= PROMPT =
Your copy of the data should match it exactly, except that the pictures are gone.

(DATASET EXTRACT begins)

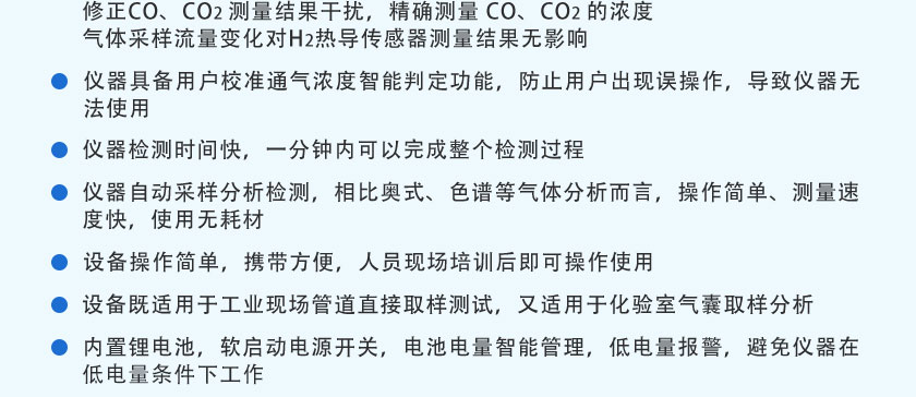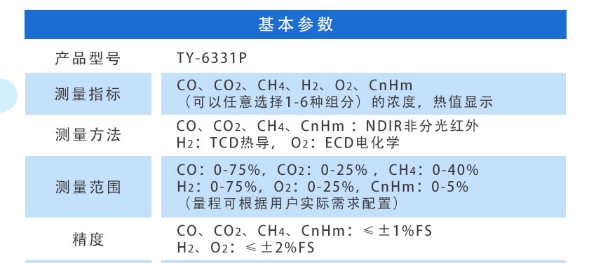 CO、CO2、CH4、CnHm :NDIR非分光紅外;H2:TCD熱導;O2:ECD電化學;
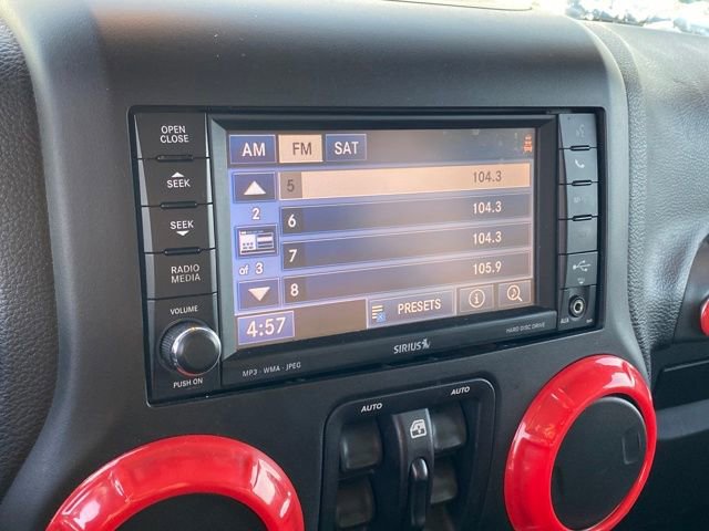 17 x 7.5 Polished Mineral Gray Wheels, 3.73 Rear Axle Ratio, 4-Wheel Disc Brakes, 40GB Hard Drive w/20GB Available, 5-Year SIRIUSXM Traffic Service, 5-Year SIRIUSXM Travel Link Service, 8 Speakers, ABS brakes, Accent Stitching, Air Conditioning, Air Conditioning w/Auto Temperature Control, Air Filtering, Alloy wheels, Alpine 9-Speaker w/All Weather Subwoofer, AM/FM radio, Audio Jack Input for Mobile Devices, Auto-dimming Rear-View mirror, Black 3-Piece Hard Top, Black/Chrome Screws Fuel Filler Door, Brake assist, CD player, Chrome/Leather Wrapped Shift Knob, Cloth Bucket Seats, Compass, Connectivity Group, Delete Sunrider Soft Top, Driver door bin, Driver Height Adjuster Seat, Driver vanity mirror, Dual front impact airbags, Electronic Stability Control, Freedom Panel Storage Bag, Front anti-roll bar, Front Bucket Seats, Front Center Armrest w/Storage, Front fog lights, Front reading lights, Front Seat Back Map Pockets, Fully automatic headlights, Heated door mirrors, Heated Front Seats, Hood w/Power Dome, Humidity Sensor, Illuminated entry, Integrated roll-over protection, Integrated Voice Command w/Bluetooth, Leather steering wheel, Leather Trimmed Bucket Seats, Leather Wrapped Steering Wheel, Low Gloss Black Wrangler Decal, Low tire pressure warning, MOPAR Dealer Installed Tow Strap Kit, MOPAR Slush Mats, Occupant sensing airbag, Outside temperature display, Panic alarm, Passenger door bin, Passenger vanity mirror, Performance Suspension, Power door mirrors, Power steering, Power windows, Premium Black Sunrider Soft Top, Premium EVIC Message Center, Quick Order Package 24J Rubicon Hard Rock, Radio data system, Radio: Uconnect 130 AM/FM/CD/MP3, Radio: Uconnect 730N CD/DVD/MP3/HDD/NAV, Rear anti-roll bar, Rear Window Defroster, Rear Window Wiper/Washer, Red Front & Rear Tow Hooks, Red Trail Rated Badge, Remote keyless entry, Remote Start System, Remote USB Port, Rubicon Hard Rock Package, Rubicon Hood Decal, Security system, Silver Interior Accents, SIRIUSXM Traffic, SIRIUSXM Travel Link, Speed control, Split folding rear seat, Steel Front Bumper, Steel Rear Bumper, Steering wheel mounted audio controls, Sunrider Soft Top, Supplemental Front Seat Side Airbags, Tachometer, Tilt steering wheel, Tire Pressure Monitoring Display, Traction control, Trip computer, Uconnect Voice Command w/Bluetooth, Variably intermittent wipers, Vehicle Information Center, Wheels: 17 x 7.5 Polished Semi-Gloss Black.
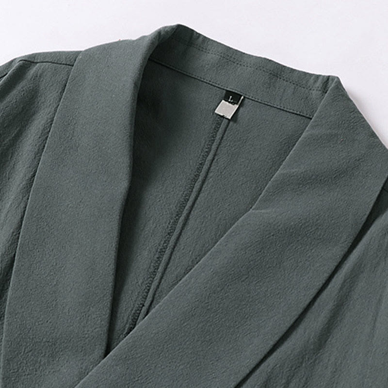 Buddha Stones Camisa de verano para hombre de algodón y lino con cuello en V y solapa de media manga - image 6
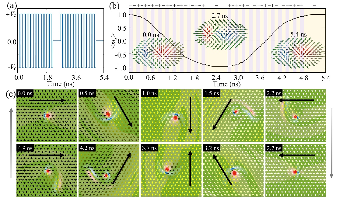 图2. (a)用于产生Bimeron力矩的交变脉冲电压;(b)Bimeron力矩驱动的平均面内磁化 <mx> 的正向切换(0-2.7 ns)和反向切换(2.7-5.4 ns);(c)对应于(b)中面内磁化切换的Bimeron动力学。长实箭头表示铁磁背景方向。
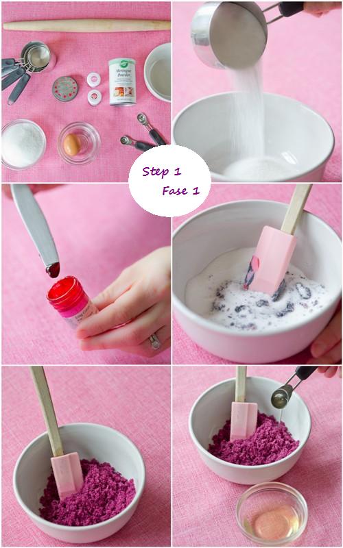 Aggiungere di più se è necessario, fino a quando si ottiene il colore desiderato. Aggiungere 1 cucchiaino di albume d’uovo e mescolare bene fino a quando il composto assomiglia a sabbia bagnata. Fare attenzione a non aggiungere troppo liquido o si sciogliere lo zucchero.
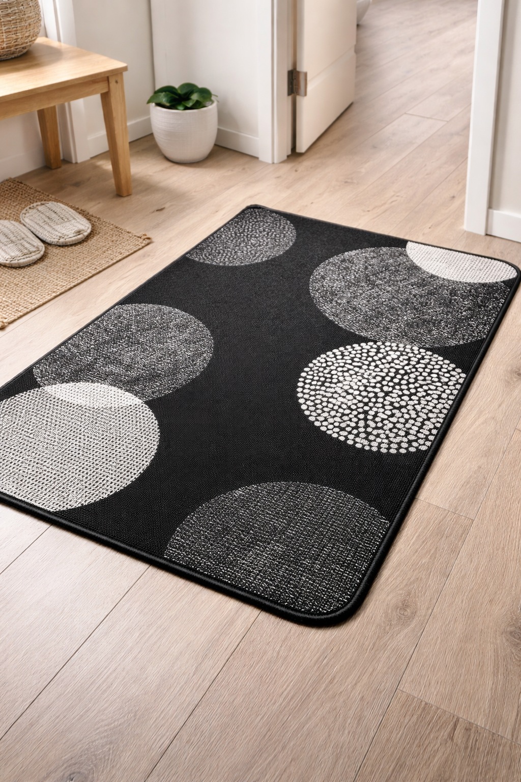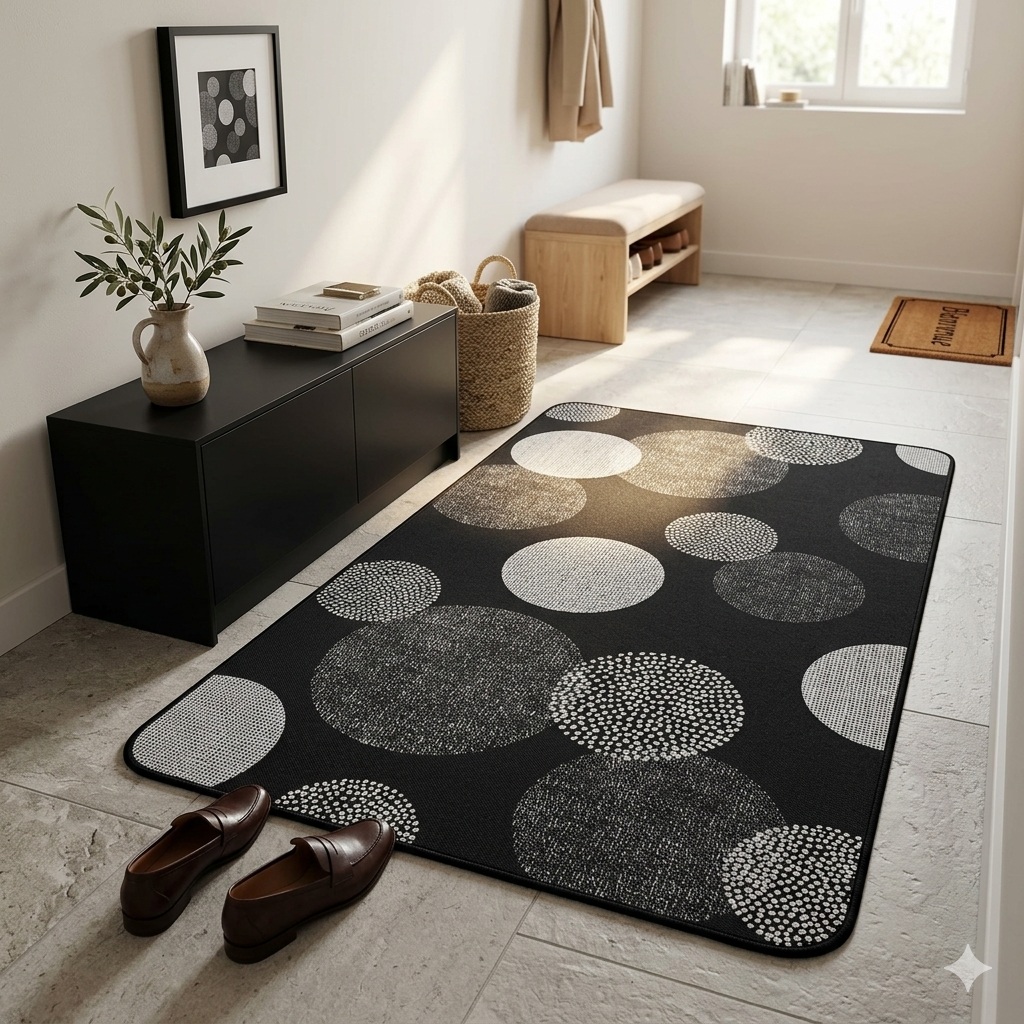 Un tapis à la fois pratique et décoratif, idéal pour protéger vos sols tout en apportant une touche moderne à votre intérieur.
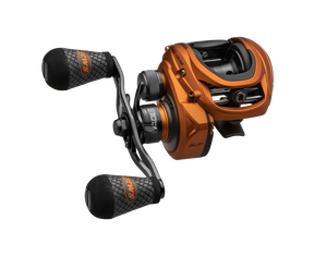 Carreto de casting da marca Lews modelo Esmagamento em preto e laranja, especialmente para a pesca do black-bass e dos predadores.
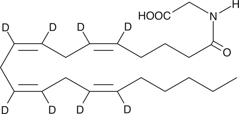 Arachidonoyl glycine-d8 (NAGly-d8) contains eight deuterium atoms at the 5, 6, 8, 9, 11, 12, 14, and 15 positions. It is intended for use as an internal standard for the quantification of NAGly by GC- or LC-mass spectrometry. NAGly has been isolated from cell cultures treated with arachidonoyl ethanolamide (AEA), from extracts of mammalian brain, and has also been synthesized as an analog of AEA for structure/activity testing. NAGly may be produced endogenously via oxidation of AEA, or by transacylation of arachidonoyl coenzyme A. NAGly is reported to have analgesic activities in whole animal...
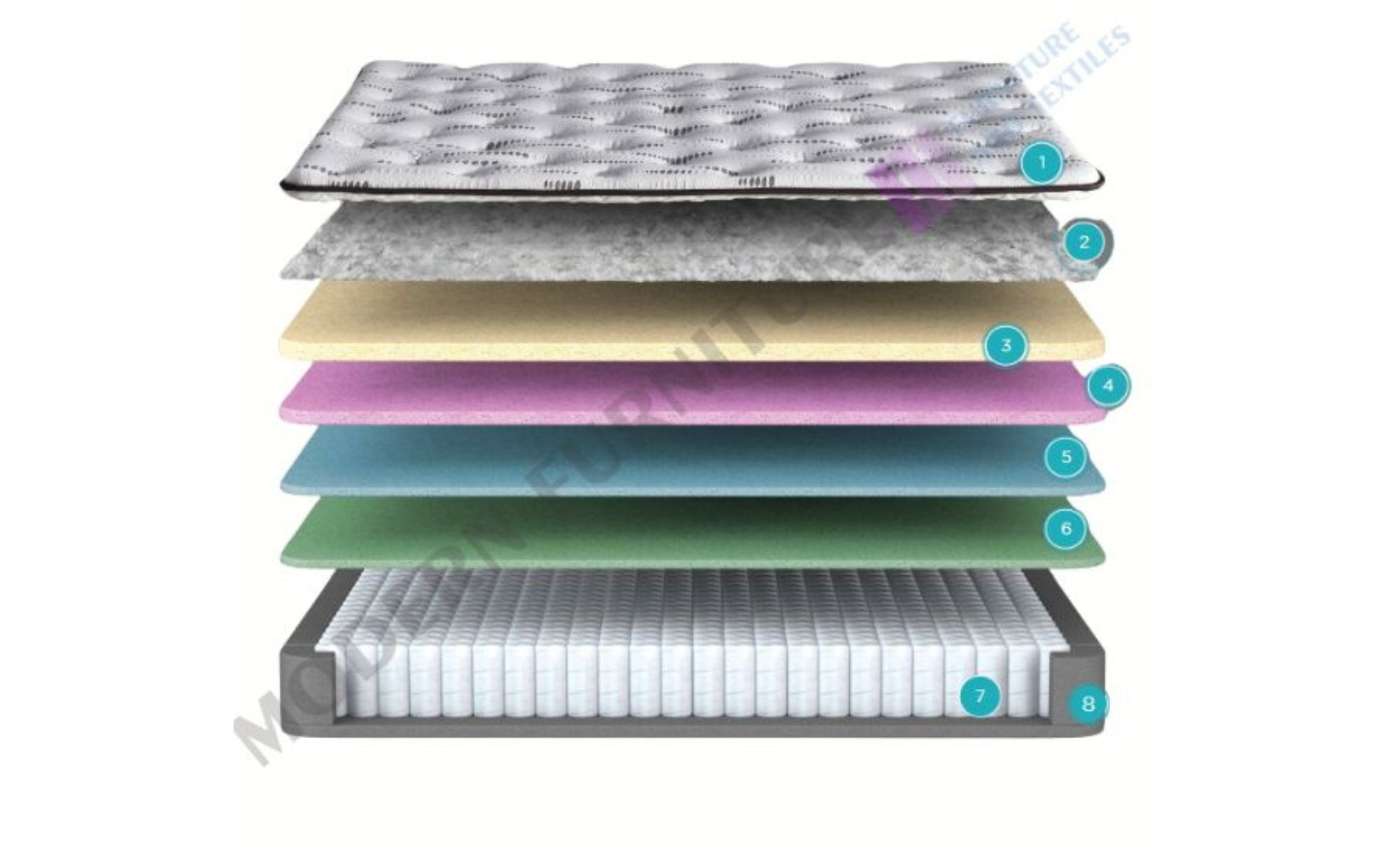 - Комфортен пласт: Този пласт с висока плътност поддържа гръбначния стълб и увеличава комфорта. Увеличената височина на пласта допълнително подобрява усещането за мекота, като същевременно осигурява устойчивост.

(DATASET EXTRACT ends)

= EXPECTED ANSWER =
 CO、CO2、CH4、CnHm :NDIR非分光紅外;H2:TCD熱導;O2:ECD電化學;
 17 x 7.5 Polished Mineral Gray Wheels, 3.73 Rear Axle Ratio, 4-Wheel Disc Brakes, 40GB Hard Drive w/20GB Available, 5-Year SIRIUSXM Traffic Service, 5-Year SIRIUSXM Travel Link Service, 8 Speakers, ABS brakes, Accent Stitching, Air Conditioning, Air Conditioning w/Auto Temperature Control, Air Filtering, Alloy wheels, Alpine 9-Speaker w/All Weather Subwoofer, AM/FM radio, Audio Jack Input for Mobile Devices, Auto-dimming Rear-View mirror, Black 3-Piece Hard Top, Black/Chrome Screws Fuel Filler Door, Brake assist, CD player, Chrome/Leather Wrapped Shift Knob, Cloth Bucket Seats, Compass, Connectivity Group, Delete Sunrider Soft Top, Driver door bin, Driver Height Adjuster Seat, Driver vanity mirror, Dual front impact airbags, Electronic Stability Control, Freedom Panel Storage Bag, Front anti-roll bar, Front Bucket Seats, Front Center Armrest w/Storage, Front fog lights, Front reading lights, Front Seat Back Map Pockets, Fully automatic headlights, Heated door mirrors, Heated Front Seats, Hood w/Power Dome, Humidity Sensor, Illuminated entry, Integrated roll-over protection, Integrated Voice Command w/Bluetooth, Leather steering wheel, Leather Trimmed Bucket Seats, Leather Wrapped Steering Wheel, Low Gloss Black Wrangler Decal, Low tire pressure warning, MOPAR Dealer Installed Tow Strap Kit, MOPAR Slush Mats, Occupant sensing airbag, Outside temperature display, Panic alarm, Passenger door bin, Passenger vanity mirror, Performance Suspension, Power door mirrors, Power steering, Power windows, Premium Black Sunrider Soft Top, Premium EVIC Message Center, Quick Order Package 24J Rubicon Hard Rock, Radio data system, Radio: Uconnect 130 AM/FM/CD/MP3, Radio: Uconnect 730N CD/DVD/MP3/HDD/NAV, Rear anti-roll bar, Rear Window Defroster, Rear Window Wiper/Washer, Red Front & Rear Tow Hooks, Red Trail Rated Badge, Remote keyless entry, Remote Start System, Remote USB Port, Rubicon Hard Rock Package, Rubicon Hood Decal, Security system, Silver Interior Accents, SIRIUSXM Traffic, SIRIUSXM Travel Link, Speed control, Split folding rear seat, Steel Front Bumper, Steel Rear Bumper, Steering wheel mounted audio controls, Sunrider Soft Top, Supplemental Front Seat Side Airbags, Tachometer, Tilt steering wheel, Tire Pressure Monitoring Display, Traction control, Trip computer, Uconnect Voice Command w/Bluetooth, Variably intermittent wipers, Vehicle Information Center, Wheels: 17 x 7.5 Polished Semi-Gloss Black.
 Buddha Stones Camisa de verano para hombre de algodón y lino con cuello en V y solapa de media manga - image 6
 图2. (a)用于产生Bimeron力矩的交变脉冲电压;(b)Bimeron力矩驱动的平均面内磁化 <mx> 的正向切换(0-2.7 ns)和反向切换(2.7-5.4 ns);(c)对应于(b)中面内磁化切换的Bimeron动力学。长实箭头表示铁磁背景方向。
 Aggiungere di più se è necessario, fino a quando si ottiene il colore desiderato. Aggiungere 1 cucchiaino di albume d’uovo e mescolare bene fino a quando il composto assomiglia a sabbia bagnata. Fare attenzione a non aggiungere troppo liquido o si sciogliere lo zucchero.
 Un tapis à la fois pratique et décoratif, idéal pour protéger vos sols tout en apportant une touche moderne à votre intérieur.
 Carreto de casting da marca Lews modelo Esmagamento em preto e laranja, especialmente para a pesca do black-bass e dos predadores.
 Arachidonoyl glycine-d8 (NAGly-d8) contains eight deuterium atoms at the 5, 6, 8, 9, 11, 12, 14, and 15 positions. It is intended for use as an internal standard for the quantification of NAGly by GC- or LC-mass spectrometry. NAGly has been isolated from cell cultures treated with arachidonoyl ethanolamide (AEA), from extracts of mammalian brain, and has also been synthesized as an analog of AEA for structure/activity testing. NAGly may be produced endogenously via oxidation of AEA, or by transacylation of arachidonoyl coenzyme A. NAGly is reported to have analgesic activities in whole animal...
 - Комфортен пласт: Този пласт с висока плътност поддържа гръбначния стълб и увеличава комфорта. Увеличената височина на пласта допълнително подобрява усещането за мекота, като същевременно осигурява устойчивост.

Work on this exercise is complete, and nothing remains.